Even if the Maduro government collapses, moreover, subsequent events in Caracas will be shaped in Washington and Beijing, thanks to the latter’s economic importance for Venezuela. (Moscow’s and Havana’s ties to Venezuela are largely political and would shrink if Maduro left office.) Maduro’s successor will need to sign massive deals with both Western and Chinese development banks to begin reconstructing the country—a painful process that will likely take decades. Indeed, many of Venezuela’s problems, including its extreme inequality and dependence on oil revenues, precede the rise of Chávez, and no future government will be able to solve them easily. Recovery to anything resembling pre-crisis levels is likely to take many years, requiring sustained attention from and help by U.S. and Chinese leaders.
The most likely candidates for regional leadership, meanwhile, are unlikely to offer much. Argentine President Mauricio Macri is weak owing to a struggling economy and a grueling reelection fight, while Bolsonaro must show that he can fix Brazil’s domestic economic and political problems before he will be in any position to take an active role abroad. Even Colombia, a close U.S.ally and Venezuela’s neighbor, still faces significant domestic challenges—including the need to integrate around one million Venezuelan migrants, a number that could grow in the coming months—and lacks both the ability and the political will to take on responsibility for reconstructing Venezuela.
Realistically, there are four useful actions that South American governments can take to help. First, they can better coordinate the response to the Venezuelan migration crisis across the continent. Leaders should organize a regional summit to discuss the matter and decide to jointly coordinate the registration, distribution, and integration of Venezuelan migrants. They should also set up a fund to compensate the countries most affected by the migratory crisis, such as Colombia, Ecuador, and Peru. Second, regional governments can help coordinate the delivery of medical and humanitarian aid to Venezuela once the Maduro government—or any successor government—allows it.
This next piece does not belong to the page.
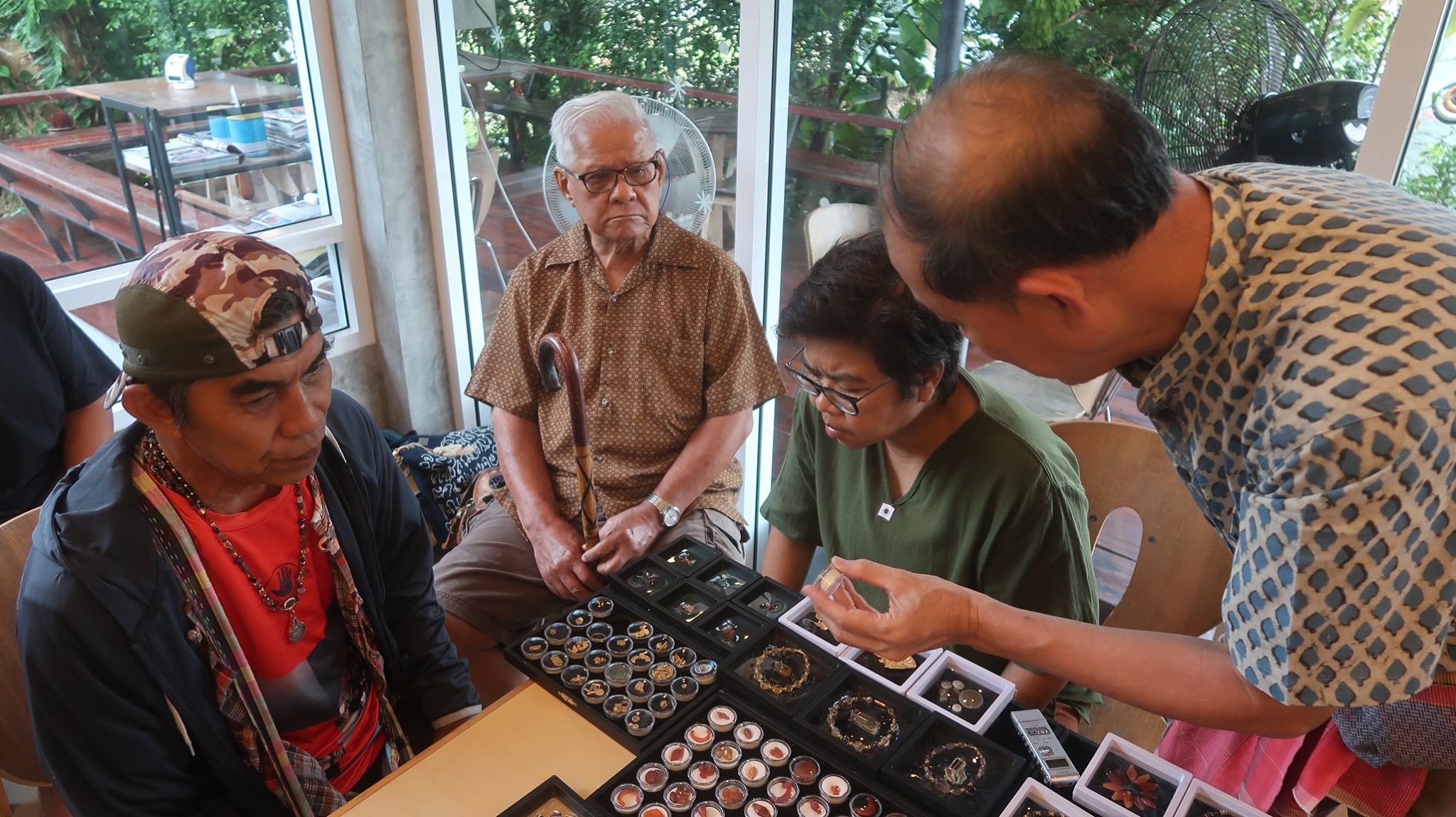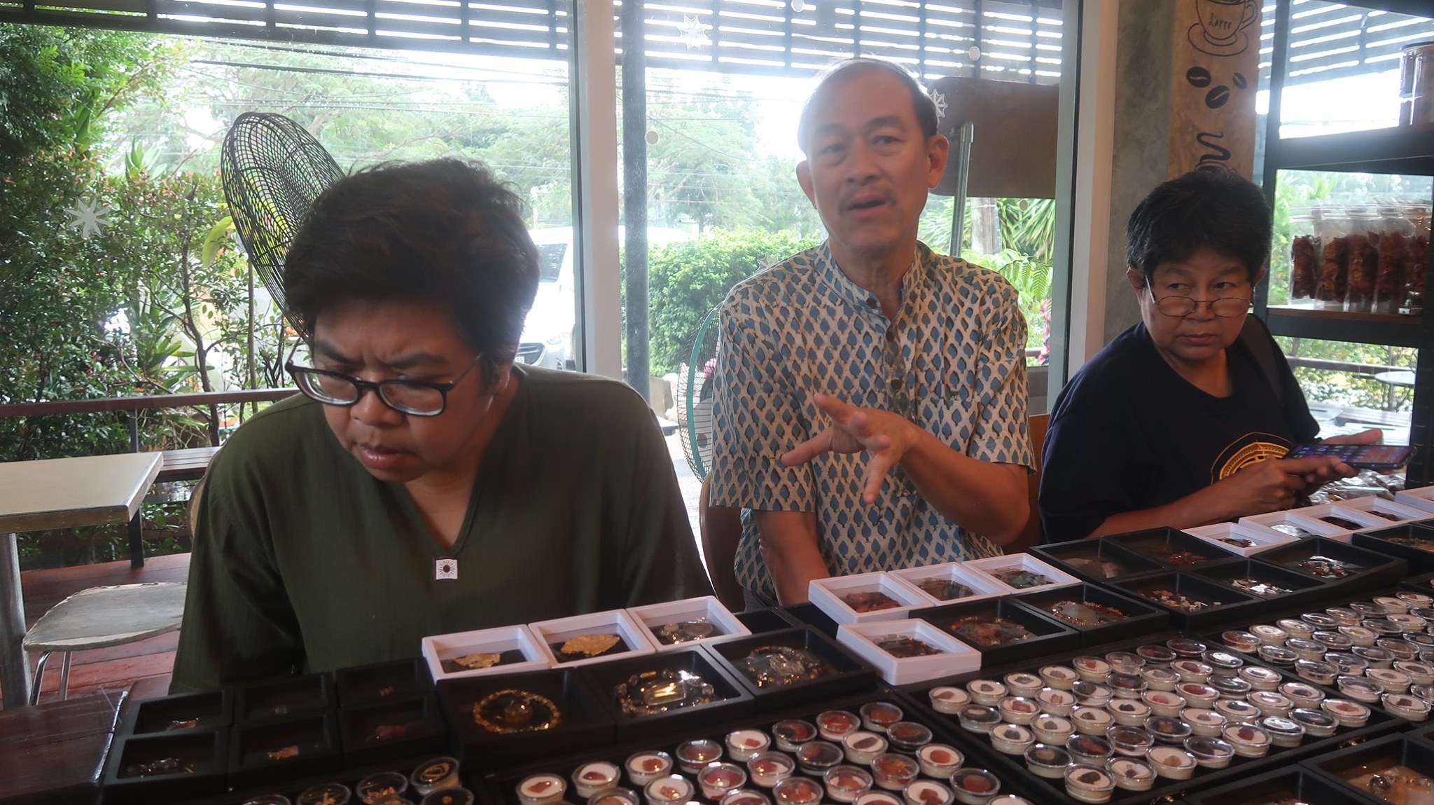 ในการลงไปช่วยประสานให้คณะวารสารเมืองโบราณคราวนี้เน้นการลงพื้นที่ กับการได้พบคนที่เก็บรวบรวมสิ่งของไว้โดยวานนี้นั้น เน้นการสำรวจ และวันนี้ให้น้ำหนักกับการนี้โดยมีพี่รัตน์ เนาวรัตน์ สิบพลาง เป็นเป้าหมายเพราะคือคนที่เก็บลูกปัดและสิ่งเกี่ยวเนื่องจากเขาสามแก้วไว้มากที่สุดคนหนึ่งซึ่งไม่ผิดคาด เพราะคุณเนาวรัตน์เบิกจากคลังในธนาคารมาให้ได้เห็นอย่างเต็มที่ เต็มเวลาครึ่งวันเช้าอาการเบื้องต้นก็ประมาณนี้

Third, South American states should offer amnesty and asylum to leading figures in the Maduro government. Although deeply frustrating, such a step would go a long way toward convincing Venezuela’s current leaders that they need not fight a bloody battle to remain in power to avoid the fate of Saddam Hussein in Iraq or Muammar al-Qaddafi in Libya—authoritarian leaders who were executed after relinquishing power.
Finally, Argentina, Brazil, Chile, and others should use the collapse of the Maduro regime as an opportunity to deepen cooperation among their armed forces. This could operate through existing institutions such as the Council of South American Defense and should involve, among other initiatives, joint military exercises, joint missions to deal with natural disasters, and joint participation in UN peacekeeping. The goal should be to increase peer pressure on Venezuela’s military—which stands to lose from a transition to democracy, given the privileges it has accumulated under Maduro—to stay within its barracks under any future leader. Although such cooperation would have only a limited and indirect impact on Venezuela’s military, it would, in future crises of this kind, offer neighboring countries an additional channel for dialogue and coordination—a necessity if South American governments ever want to influence what happens in their own backyard.